ABOUT THIS EXERCISE:
Please go line by line and repeat the data below exactly, with no images.

** Opening SUPPLIED MATERIAL block **

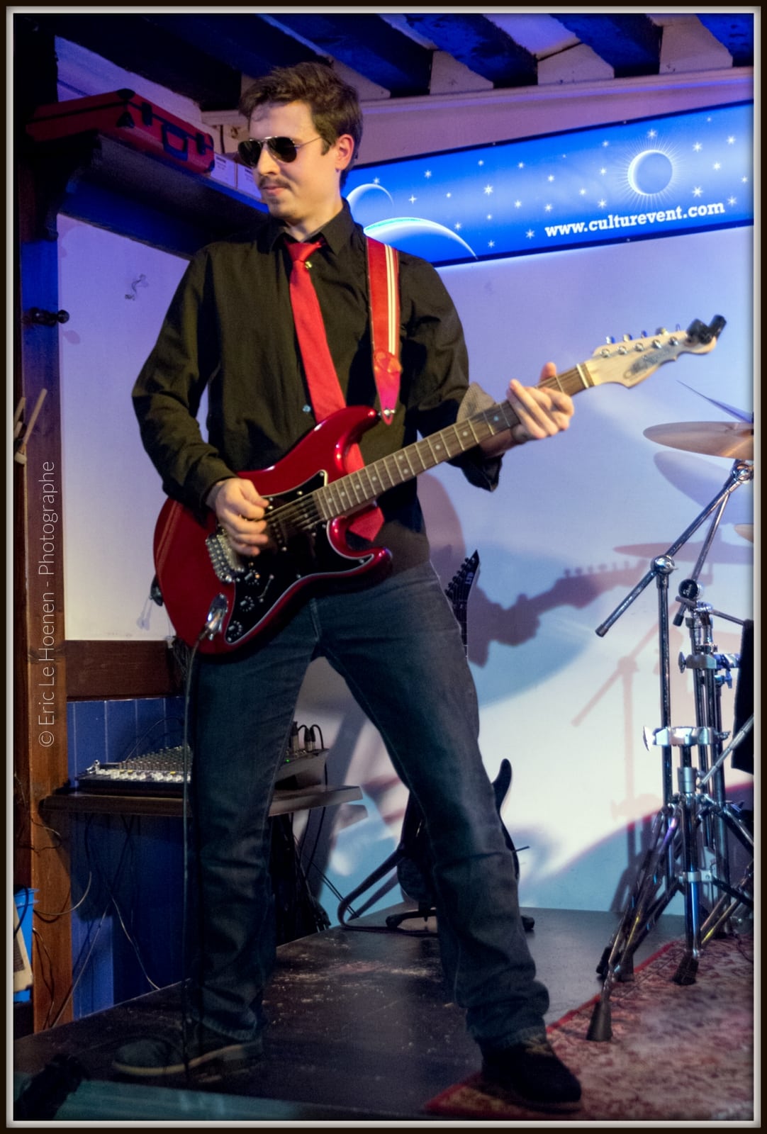 Ses influences? Le Rock’n’Roll et le Blues, John Lennon et Keith Richards. Un Beatles et un Stones, le meilleur des choix, sans aucun doute. The Doc, tiré à quatre épingles devant le public du Pitchtime qui a fait le déplacement, nous présente les titres du groupe avec classe et conviction. Le bonhomme ne fait qu’un avec sa guitare: il l’accompagne, elle le séduit et il la charme, en magicien de la six cordes qu’il sera tout au long des deux sets.
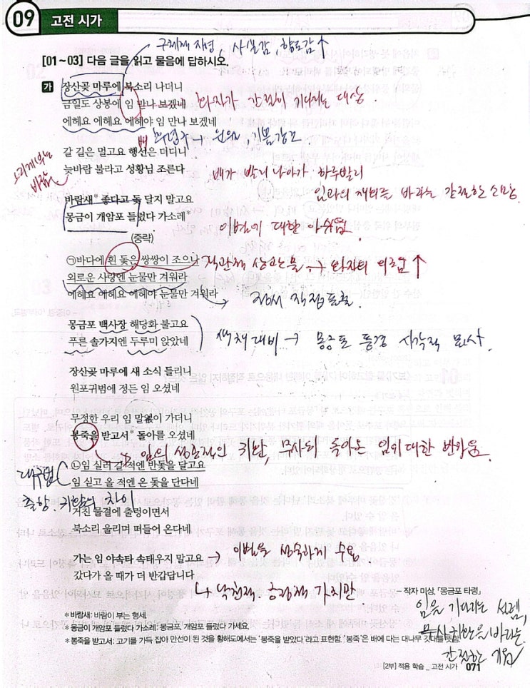 고전 시가는 현대어 풀이만 한다고 끝나는 것이 아닙니다. 작품 속에 담긴 화자의 정서, 공간의 의미, 그리고 복잡한 수사법을 '내 것'으로 만들어야 합니다. 1. 작자 미상, <몽금포 타령> – 포구의 역동성과 재회의 소망 사진 속 교재 필기를 보시면 아시겠지만, <몽금포 타령>은 단순히 바다 노래가 아닙니다. 공간의 중의성: 포구는 배가 떠나는 '이별의 공간'인 동시에, 배가 돌아오는 '재회의 공간'입니다. 감각적 묘사: '해당화', '푸른 솔가지' 등 색채 대비를 통해 몽금포의 풍경을 시각적으로 형상화한 부분을 집중적으로 파헤쳤습니다. 낙천적 태도: "임 실러 갈....... <img src="https://blogthumb.pstatic.net/MjAyNjAzMTFfMTQg/MDAxNzczMTkxOTAwNTQ4.q8GfoOjUpR51oeI6sUDF77BbIM_hIgQzpbNTCBXKq7og.ZCASfmMsq1hPckIiI1p7oon1-4dDSfXD6qiO8ghabUkg.JPEG/900%A3%DF1773191857804.jpg?type=s3" />
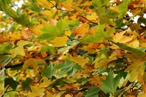 © Vitalfoto, Fototapeta premium Sycamore leaves in autumn
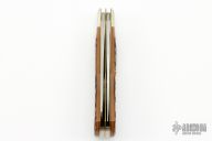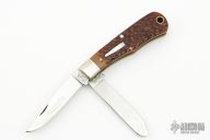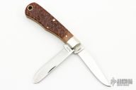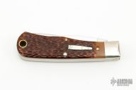 This Bullet Knife by Remmington has two satin finished blades with nail nicks. The handle has nickel silver bolsters, jigged bone covers, brass liners and steel springs. Excellent Condition.

** Closing SUPPLIED MATERIAL block **

RESPONSE AREA:
 Ses influences? Le Rock’n’Roll et le Blues, John Lennon et Keith Richards. Un Beatles et un Stones, le meilleur des choix, sans aucun doute. The Doc, tiré à quatre épingles devant le public du Pitchtime qui a fait le déplacement, nous présente les titres du groupe avec classe et conviction. Le bonhomme ne fait qu’un avec sa guitare: il l’accompagne, elle le séduit et il la charme, en magicien de la six cordes qu’il sera tout au long des deux sets.
 고전 시가는 현대어 풀이만 한다고 끝나는 것이 아닙니다. 작품 속에 담긴 화자의 정서, 공간의 의미, 그리고 복잡한 수사법을 '내 것'으로 만들어야 합니다. 1. 작자 미상, <몽금포 타령> – 포구의 역동성과 재회의 소망 사진 속 교재 필기를 보시면 아시겠지만, <몽금포 타령>은 단순히 바다 노래가 아닙니다. 공간의 중의성: 포구는 배가 떠나는 '이별의 공간'인 동시에, 배가 돌아오는 '재회의 공간'입니다. 감각적 묘사: '해당화', '푸른 솔가지' 등 색채 대비를 통해 몽금포의 풍경을 시각적으로 형상화한 부분을 집중적으로 파헤쳤습니다. 낙천적 태도: "임 실러 갈....... <img src="https://blogthumb.pstatic.net/MjAyNjAzMTFfMTQg/MDAxNzczMTkxOTAwNTQ4.q8GfoOjUpR51oeI6sUDF77BbIM_hIgQzpbNTCBXKq7og.ZCASfmMsq1hPckIiI1p7oon1-4dDSfXD6qiO8ghabUkg.JPEG/900%A3%DF1773191857804.jpg?type=s3" />
 © Vitalfoto, Fototapeta premium Sycamore leaves in autumn
 This Bullet Knife by Remmington has two satin finished blades with nail nicks. The handle has nickel silver bolsters, jigged bone covers, brass liners and steel springs. Excellent Condition.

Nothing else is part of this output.